Gosar: It was the hottest temperature recorded at that time. Do you know how long ago [sic] before it broke that record?

Shindell: No.

Gosar: A hundred and thirty-one years. Was there [sic] combustible engines out there in Los Angeles a hundred and thirty-one years ago?

Shindell: We’ve seen. . .

Gosar (cuts him off): The answer is no. No. And, and so my thing is, is to get back to Mr. Thompson [another Republican on the panel], things are cyclical. And when you start looking at the world’s geology, the rocks tell you the story of cyclical events. And to say we understand this more than not is ludicrous. Climate’s always changing, always changing. I mean, when you’re gonna have an elliptical orbit on a one-point-eight percent tip on the atmosphere of the Earth or the pole of the Earth around an elliptical-sized [sic] sun that has solar flares, all of that is contentious. So with that being said, I mean, the science isn’t settled.

This is simply inaccurate, and Rep. Gosar has no reason not to know better. Exhaustively reviewed satellite data has shown that the greatest period of warming in recent history (from 1975 roughly to the present) has coincided with a slight decrease in solar activity. At the same time, we have strong evidence that almost all climatic warming since 1850 has been man-made, largely due to industrialization and greenhouse gas emissions.

Climate change is no longer seriously debated in the scientific community. Indeed, one of the few places on Earth where global warming skepticism still holds any sway is the Republican caucus of the U.S. Congress.

Perhaps, then, it’s no accident that Rep. Gosar has been one of the fossil fuel industry’s greatest champions during his tenure on Natural Resources. The Subcommittee holds hearings with titles like “Assessing Innovative and Alternative Uses of Coal,” and the Subcommittee’s focus is often on weakening environmental regulations.

At no time during the 115th Congress have Natural Resources Committee Republicans held a hearing that acknowledged man-made climate change as a reality, let alone focused on potential solutions.

Hot Weather Melts Sweden’s Highest Peak

Researchers are now confident that global warming has led to intense wildfires in California, melted glaciers on Sweden’s highest mountaintops and worsened droughts around the world in ways that put human health at grave risk.
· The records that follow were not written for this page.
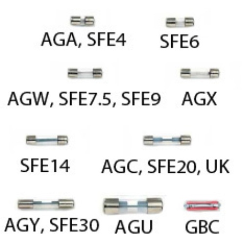 Originally stood for “all glass.” The automotive industry uses the “AG” prefix (AGC, AGW) for most glass fuses. They vary in length, diameter and amperage rating.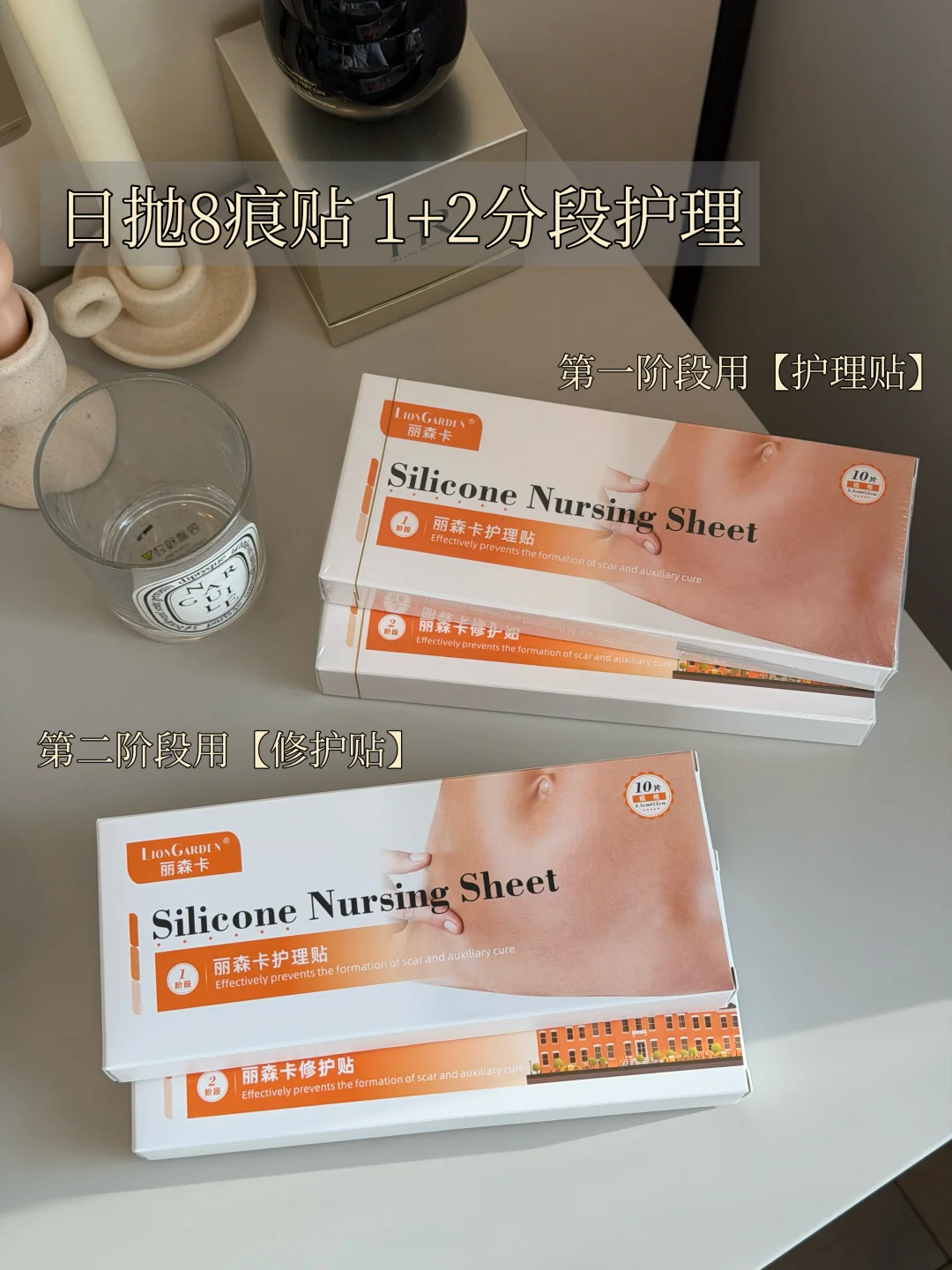 3.疤痕护理:我囤的是丽森卡8痕贴,1+2分段式护理,先护理再修护!因为它是日抛设计的很干净卫生,用完就丢,次抛很省事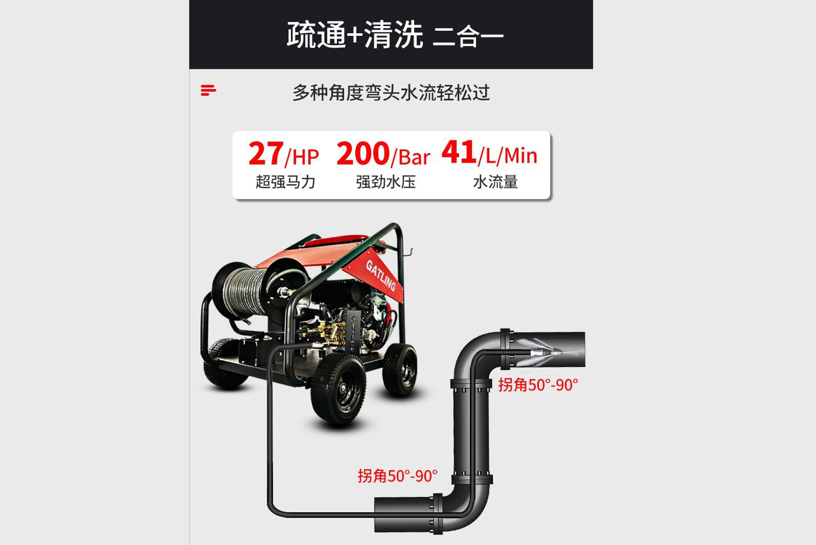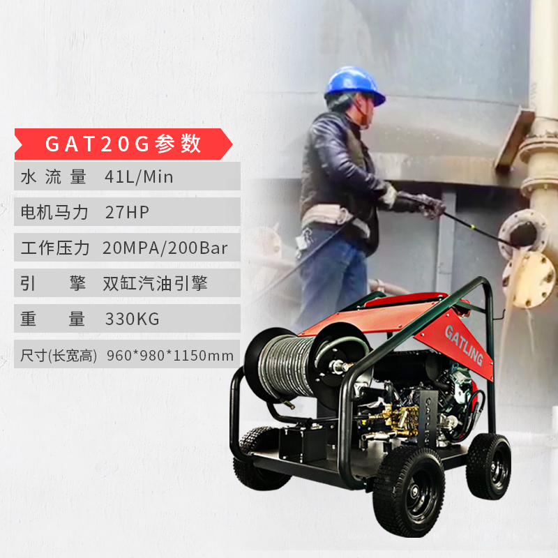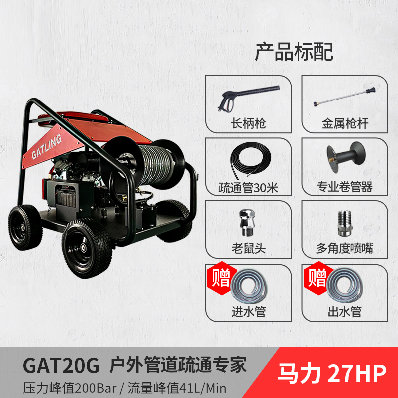 品牌/型號 | 加特林/GAT20G | 標準配件: 1.工業(yè)級疏通管 30米/根 2.高壓槍 1把 3.角度噴嘴 2個 4.不銹鋼老鼠頭 1個 5.自動卷管器 1套 |
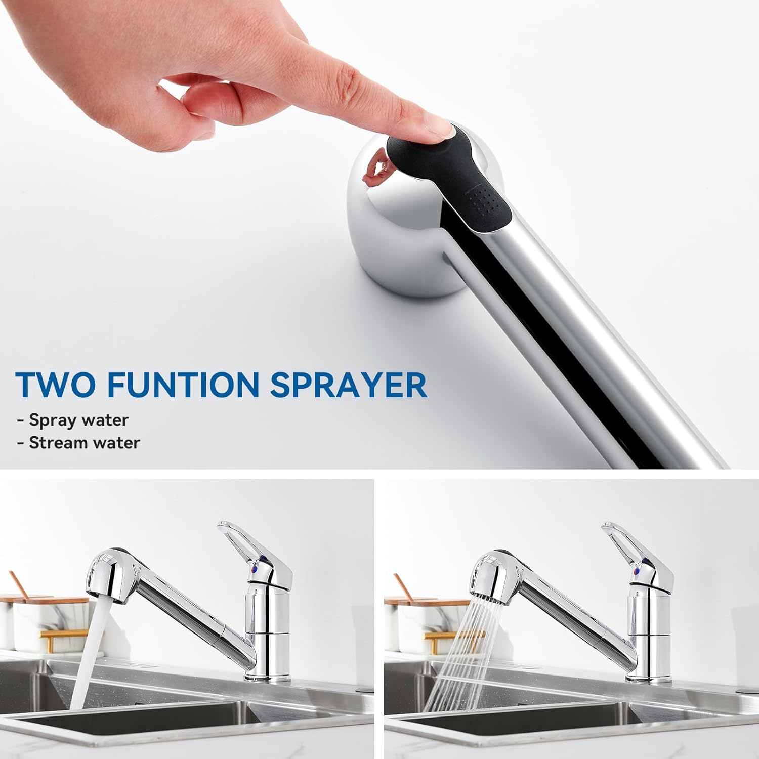 - 2 WASSERSTRAHLARTEN: Die waschbecken armatur verfügt über zwei praktische Wasserflussfunktionen: Brausestrahl und Wasserstrahl. Sie können den Wasserstrahl zum Waschen von Obst und Gemüse verwenden oder das Brausestrahl zum Abspülen von Schmutz auf

We can’t address climate change if elected leaders don’t take it seriously.

The July 2017 hearing was not about taking climate change seriously. It centered on a bill authored by Rep. Evan Jenkins (R-W.V.) that would have outlawed federal consideration of greenhouse gas impacts in policy making.

Don’t take our word for it –the formal parliamentary description is “To prohibit the Secretary of Energy, the Administrator of the Environmental Protection Agency, the Secretary of the Interior, and the Chair of the Council on Environmental Quality from considering the social cost of carbon, the social cost of methane, or the social cost of nitrous oxide, in taking any action.”

Why would Congress need to prohibit consideration of greenhouse gas impacts when it makes policy? Because accurately accounting for those costs would lead to more protective carbon and methane emissions standards, which the fossil fuel industry has resisted for decades.

That fight has led us to where we are today. In contrast to our allies like Germany, where renewable energy is widely supported and greenhouse gas emissions are dropping steadily, the U.S. continues to subsidize fossil fuel production through tax giveaways and relatively weak emissions standards.

Despite their often-stated belief that carbon emissions don’t really matter to our climate, Republicans sometimes feel the need to claim their policies are reducing emissions anyway. Earlier this year, the Trump administration was caught claiming that reductions in carbon emissions in 2016, the last year of President Obama’s tenure, were actually reductions in the first year of the Trump administration. (The fact-checking website Politifact, in a moment of generosity, called it “a stretch.”)

Do we need more emissions because they’re good for the economy? Or do emissions not matter? Or should we try to reduce emissions just because? Republicans on the Natural Resources Committee (and elsewhere in Washington) can’t seem to decide. The rest of us are living with the very real consequences of their inaction.

Holding a climate denial hearing that particular week was particularly ironic, considering the climate change news that was breaking at the time.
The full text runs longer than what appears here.